On the 25th, Staff returned to Buckner Bay and, on 1 September, sailed in company with six other mine-craft and four smaller vessels to conduct the initial sweep of the Kyūshū approaches. On the 9th, she departed Japan for Okinawa and reentered Buckner Bay on the 11th. Staff stood out again on 21 September and headed for Bungo Suido to conduct further sweeps in the Japanese home islands, this time in the waters between Kyūshū and Shikoku. She continued minesweeping operations through the fall and into winter.

== Post-World War II operations ==
In late December, she visited Shanghai; then headed for the United States. She stopped at Pearl Harbor early in February 1946 and reached San Pedro, Los Angeles, on the 14th.

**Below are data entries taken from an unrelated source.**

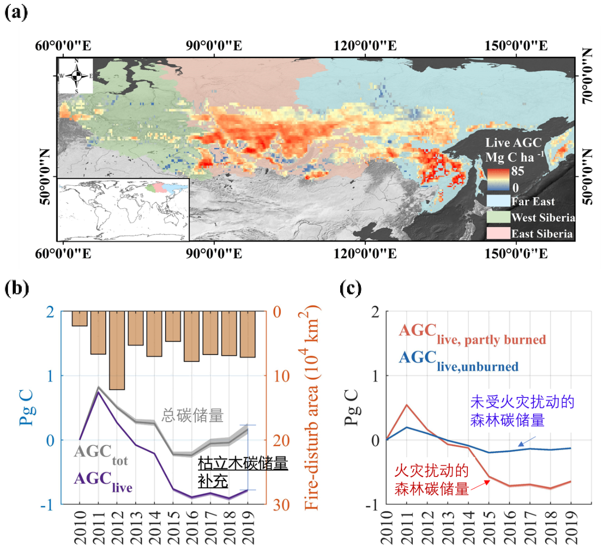 北方森林是全球陆地生态系统中最重要的碳汇。但是,近十年来在气候变暖的大背景下,北方森林高温、干旱、火灾事件频发,对其碳汇能力产生严重影响。针对北方森林是否已从碳汇扭转为碳源这一科学问题,基于(自主研发的)低频被动微波反演的地上森林碳储量产品,团队创新性的构建了西伯利亚地区枯立木碳储量估算模型,厘清了西伯利亚地区北方森林地上总碳量的时空变化格局(图1a),揭示了西伯利亚森林在2010-2019年期间仍呈弱碳汇的能力(0.02 Pg C yr-1)(图1b),发现持续干旱和火灾是导致西伯利亚地区森林碳储量持续下降的主要原因(图1c)。该系列成果强调了在全球变暖的背景下,加强政府间合作,终止森林砍伐、开展可持续管理森林、恢复退化森林的紧迫性。
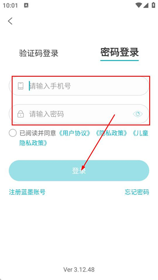 4、在密码登录界面,填写手机号和密码,点击登录完成云教材账号登录。
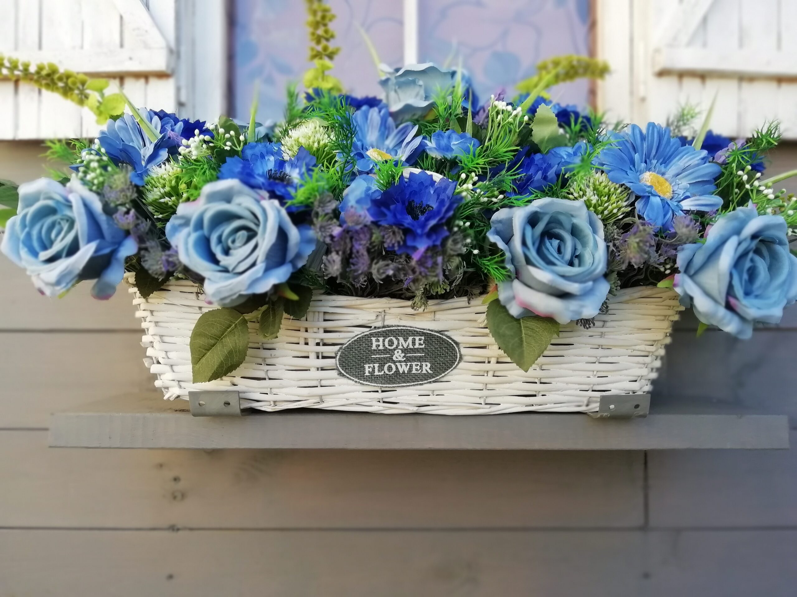 Wyjątkowa kompozycja z błękitnych i niebieskich kwiatów w białym wiklinowym koszyku. Kwiaty w tym kolorze pięknie komponują się z soczystą zielenią i razem tworzą niezwykłą całość. Stworzona po to by wywołać uśmiech na twarzy obdarowywanej osoby.
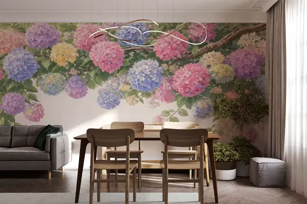 Valokuvatapetti Maalatut hydrangeat roikkuvat alas Nr w05250
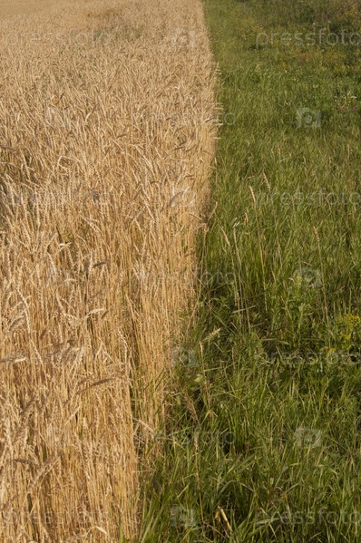 Золотое пшеничное поле заката вечером. Урожай природы роста. Сельскохозяйственная ферма
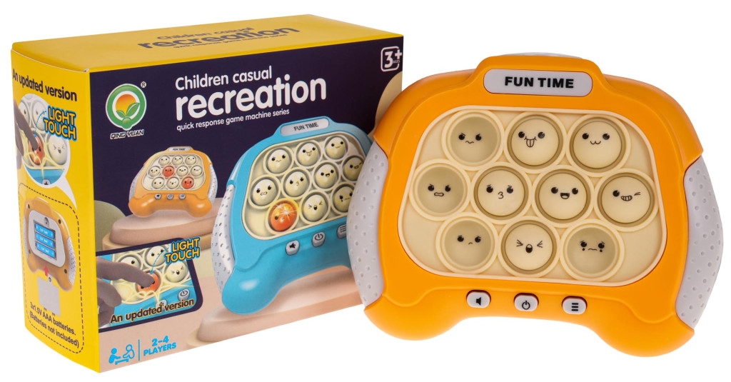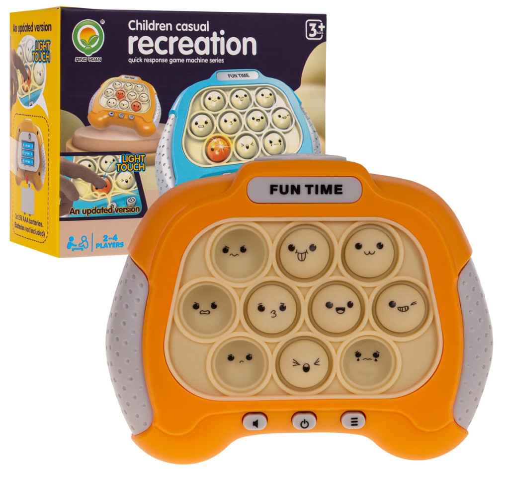 Interaktywna gra zręcznościowa z funkcją dźwięku i światła dla dzieci od 3-go roku życia. Gra z wyglądu przypomina pada i łączy w sobie grę Memory i Bubble Pop It. Zadaniem dziecka jest wciskanie odpowiednich bąbelków na padzie, w takiej kolejności jak wyświetlają się światełka na urządzeniu. Należy obserwować sekwencję wyświetlanych światełek, a następnie ją powtórzyć. Zabawka posiada 5 trybów rozgrywki, a podczas zabawy towarzyszy dzieciom muzyka. Gra ćwiczy zdolności motoryczne i poznawcze, pomaga się zrelaksować, poprawia pamięć i koncentrację. Zabawka zasilana jest bateriami typu 3 x AAA 1,5 V (brak w zestawie).
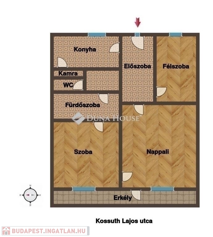 A 68 m² jól használható tér klasszikus, élhető elrendezés, 3 különnyíló szoba, Loggia + külön erkély , ház tégla építésű.
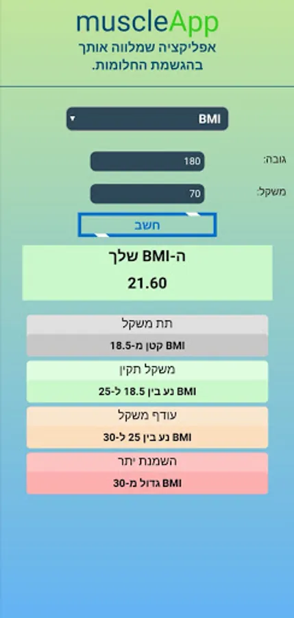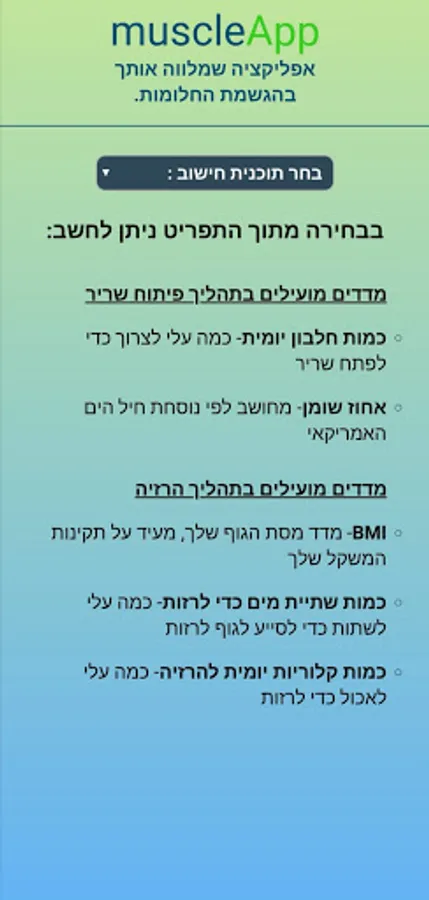 All the calculators you need are concentrated in one application, easy to use and in the Hebrew language.
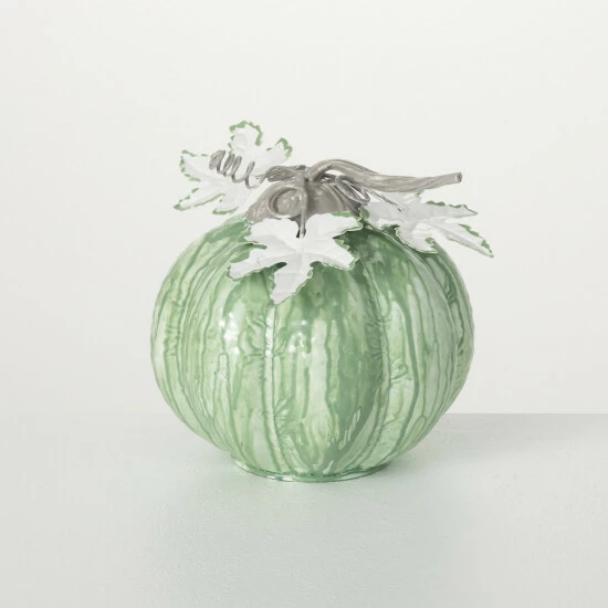 Resting eloquently atop your favorite surface, this 6.5″ tall metallic pumpkin easily makes an ornamental statement about the fall season. Bathed in a toasted sage green hue, this decorative piece features a beautiful textured wash finish. Over the last 52 years, Sullivans has become an industry leader in home decorations. Our brand is rooted in tradition while incorporating modernized trends to keep your home looking up to date with timeless style. Here at Sullivans, we pride ourselves on creating product designs focused on quality and value, ensuring that our customers have access to beautiful products at reasonable price points.

There, she reported to the 19th Fleet and began inactivation overhaul at Terminal Island, California.

== First Decommissioning ==
Staff was retained in commission, in reserve, until 15 January 1947, when she was decommissioned and berthed at San Diego.

== Reactivation ==
On 14 January 1952, Staff was recommissioned at San Diego, California and sailed – via Acapulco, Mexico, the Panama Canal, and Guantanamo Bay – to Charleston, South Carolina, and Norfolk, Virginia. She was assigned to Mine Squadron 6 and operated along the U.S. East Coast until 26 August when she sailed for Scotland. Staff visited Holyhead and the Firth of Forth in September and returned to Charleston, South Carolina, on 12 October. She resumed operations along the eastern seaboard during the winter of 1952 and 1953; then, on 21 April 1953, put to sea to join the U.S. 6th Fleet in the Mediterranean. Staff cruised with the U.S. 6th Fleet until October, visiting most of the major ports on the Mediterranean. She reentered Charleston on 26 October, and she was moored until the new year.

On 4 January 1954, she embarked on a cruise to the Gulf of Mexico, the Caribbean Sea, and the British West Indies. She returned to Charleston on 2 April and operated from there until September. Staff rejoined the 6th Fleet in mid-September and cruised the "middle sea" until January 1955. The minesweeper returned to Charleston on 29 January.

== Decommissioning ==
On 7 February, she was redesignated MSF-114; and, on 28 March, she reported to the Atlantic Reserve Fleet for inactivation. She was placed out of commission, in reserve, at Green Cove Springs, Florida, on 15 August 1955. Her name was struck from the Navy List on 1 March 1967 and her hulk sold to Southern Scrap Metals Co. of New Orleans, Louisiana, on 17 November 1967.

== Awards ==
Staff was awarded six battle stars during World War II.